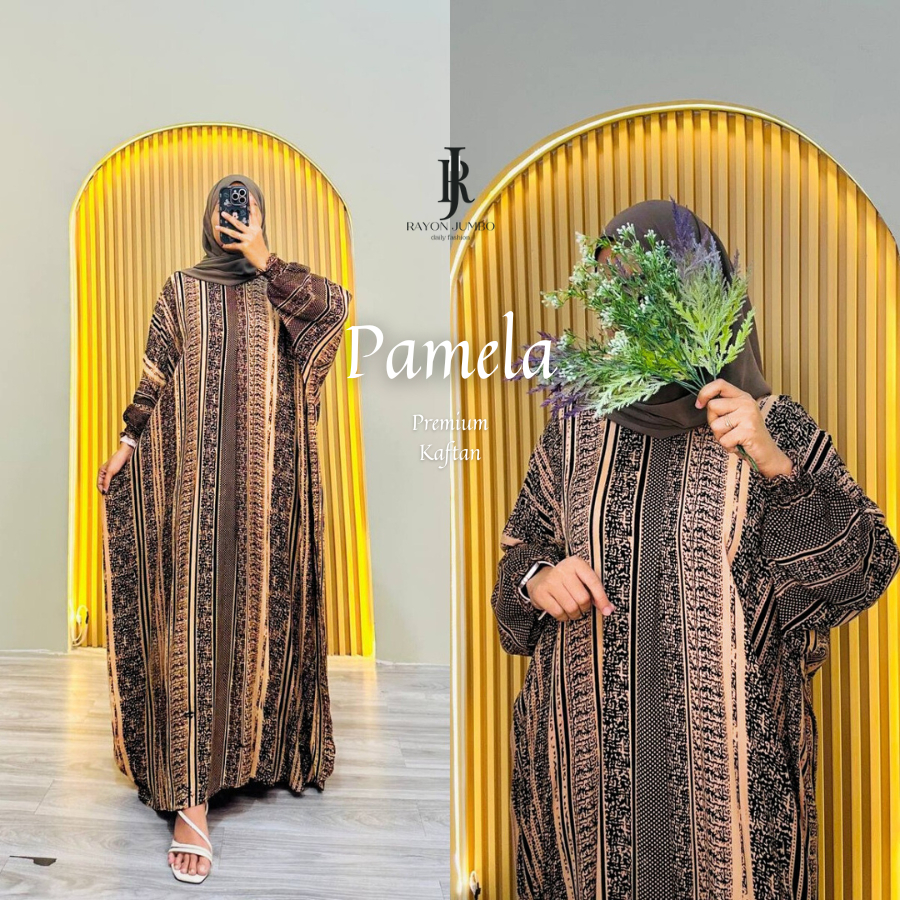 Home kaftan Motif Pamela Bahan Rayon Super Jumbo XXXL Baju Muslimah mewah Elegan Baju Pengajian
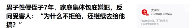 大河报-男子性侵侄子7年,家庭集体包庇嫌犯,反问受害人:“为什么不拒绝,还继续去给他搞?”
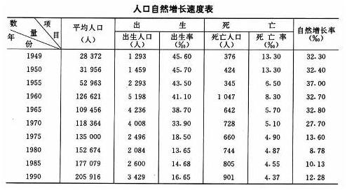 1949~1963年,平均出生率為43.86‰,14年凈增74 953人,增長(zhǎng)2.5倍,平均年遞增10.11%。1964~1990年,平均出生率為12.77,27年凈增88 511人。
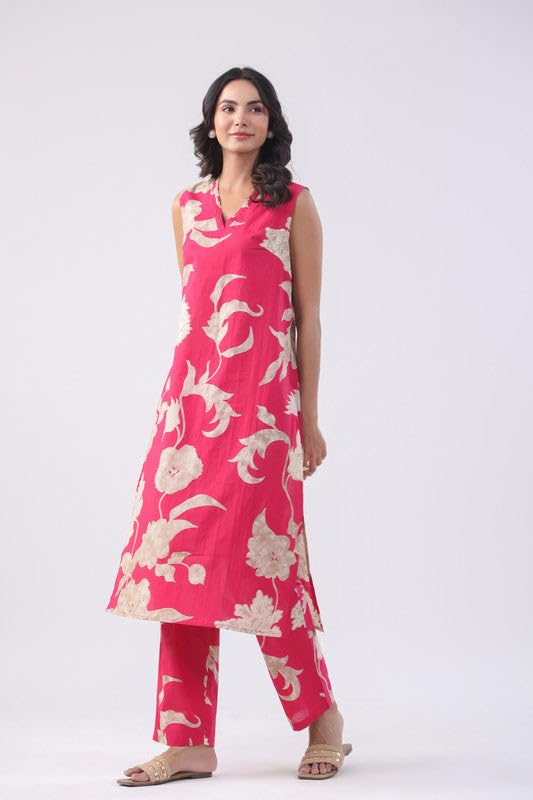 GoSriKi Women's Rayon Viscose Straight Printed Kurta with Pant

■ Work task ■
Lines from the one that contains "大河报-男子性侵侄子7年,家" to the final line of the material are the whole answer. Reproduce them word for word and skip the pictures.

■ Written answer ■
 大河报-男子性侵侄子7年,家庭集体包庇嫌犯,反问受害人:“为什么不拒绝,还继续去给他搞?”
 1949~1963年,平均出生率為43.86‰,14年凈增74 953人,增長(zhǎng)2.5倍,平均年遞增10.11%。1964~1990年,平均出生率為12.77,27年凈增88 511人。
 GoSriKi Women's Rayon Viscose Straight Printed Kurta with Pant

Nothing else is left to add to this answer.